Il ritorno può avvenire per uno dei numerosi sentieri che collegano il rifugio alla valle o ad altri rifugi. In alternativa, è possibile pernottare lì e il giorno dopo seguire il percorso successivo, sulle tracce di una temeraria impresa partigiana. Oppure, seguendo percorsi spesso utilizzati per le azioni, i collegamenti e la fuga – anche in caso di rastrellamenti – si raggiunge il passo d’Aviasco e quindi il rifugio Lago Nero, altro ricovero della brigata. Dal rifugio Laghi Gemelli sul sentiero 214 si attraversa la diga, si sale al lago Colombo, di cui pure si attraversa la diga (a sinistra il sentiero 250 porta al lago del Becco) per costeggiarlo sul versante orografico destro. Si sale quindi al passo che si affaccia sulla valle dei Frati (2289 m, incrocio con il sentiero 236) e, proseguendo per un breve tratto, si è al passo d'Aviasco (2289 m, 1 h 20’). Si scende con il sentiero 229 ai laghi d’Aviasco (2070 m) e quindi al lago Nero e all’omonimo rifugetto (1945 m, tel. 0346.47903 - tel. 329.1377183). Da qui si può compiere il classico giro dei laghi, oppure scendere su Valgoglio con il sentiero 268.

Il piano per la battaglia

53 Garibaldi, Malga Lunga e dintorni, primavera 1945 (Archivio ANPI Lovere).

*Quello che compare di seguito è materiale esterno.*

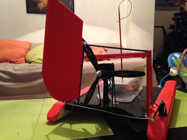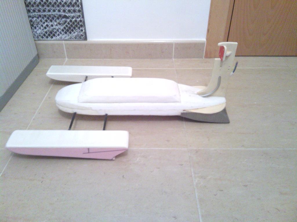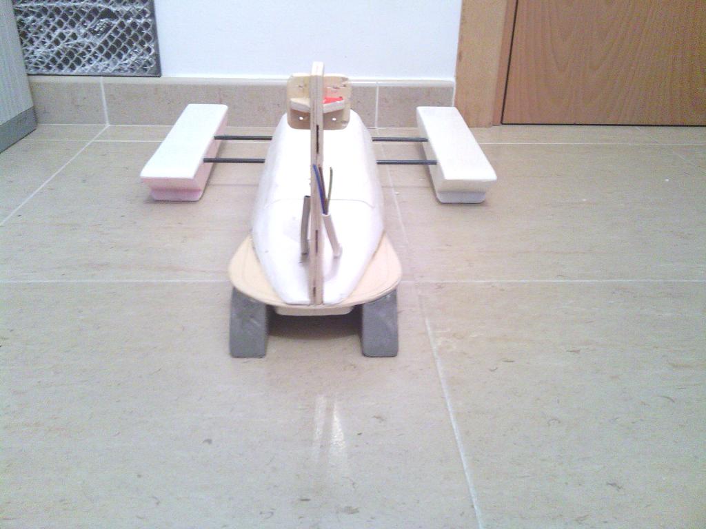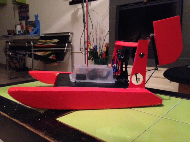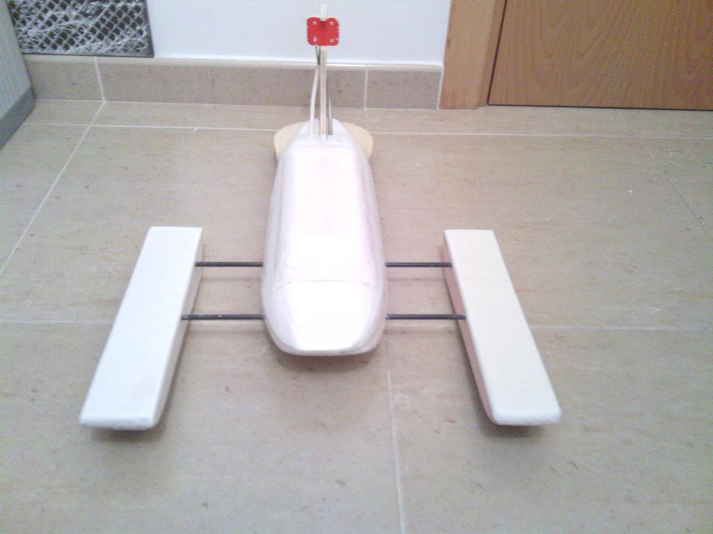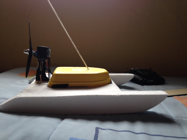 bueno tras el fiasco de la primera versión del hidro os presento la versión del mismo 2.0 jaja es mas ancho mas bajo y con el motor en la parte posterior, hoy he realizado una prueba en la bañera y parace mucho mas estable y rápido que el anterior no l ehe querido colocar timón ni pintarlo hasta no estar seguro de como iba lo pintare igual que la versión anterior que me gustaba la idea creo que en un par de días estará listo aquí van las fotos aun sin terminar.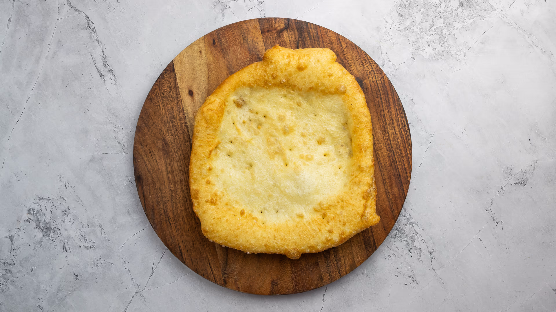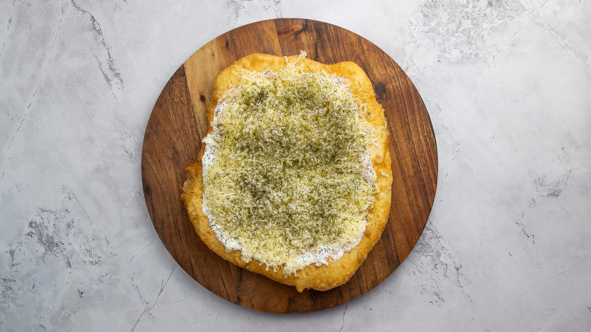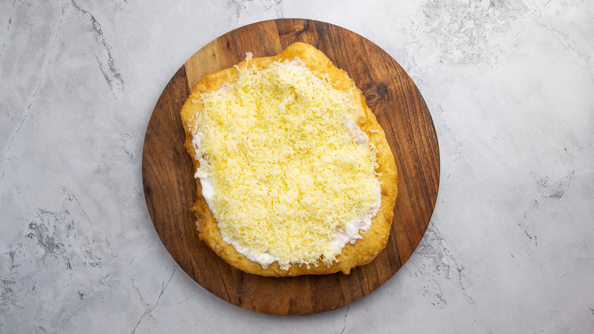 Lángos tejföllel megkenve és sajttal gazdagon megszórva. Vegetáriánus étrendet követők számára is tökéletesen alkalmas.

“A una certa ora il Comandante M. ci chiamò e ci espose il piano di combattimento, disegnandolo sulla neve con un bastone. Fece un buco. Era il paese di B. Tracciò la strada che da B. portava a un bivio di due strade, una per il paese di F. l’altra per il paese di C. Il bivio era il punto chiave per incrociare il fuoco delle tre squadre in cui ci saremmo divisi. Bisognava fare uscire allo scoperto gli uomini della guarnigione e portarli esattamente in quel punto. Dovevamo dar loro una ragione sufficiente per arrivarci. Gliel’avremmo data uccidendo il potestà di C. Sarebbero accorsi passando obbligatoriamente per quel bivio, entrando nel bersaglio dei nostri tre fuochi concentrici. Il piano suscitò una forte eccitazione in tutti quanti. Molti videro la possibilità di procurarsi forme di formaggio e di saccheggiare il Monopolio dei Sali e dei Tabacchi. Quanto a me, che non avevo ancora dismesso i vizi causati dai miei studi giovanili, mi entusiasmai alla simbologia di mistica medievale sottintesa nel piano, che avvertii fondato sulla Trinità. (…) Restava un problema. Chi andava a uccidere il podestà di C.? Per facilitarci le cose il Comandante M. sostenne che era un informatore dei comandi militari e che pertanto il lavoro andava fatto comunque. Chiese dei volontari. Alcuni si fecero avanti. Tra loro ne scelse tre, tra i quali il Giapponese, cui affidò la responsabilità dell’azione. Le istruzione del Comandante M. al Giapponese furono spietate: – Tiratelo fuori dal letto, portatelo giù in strada e ammazzatelo. Fate più casino che potete. Sparate raffiche in aria. Che tutti sentano e vedano. Se sembrate ubriachi, tanto meglio. Qualcuno telefonerà alla caserma di B. e quelli verranno su. Noi saremo là al bivio. Ci verranno in bocca.Lo scenario prospettato provocò in noi un misto di paura e di ferocia. Risate secche, battute e bestemmie facevano da schermo. Si era fatto buio e i nostri visi ghignavano tra le fiamme dei fuochi”.

Giulio Questi, Uomini e comandanti, Einaudi, Torino, 2014, pp. 70-71.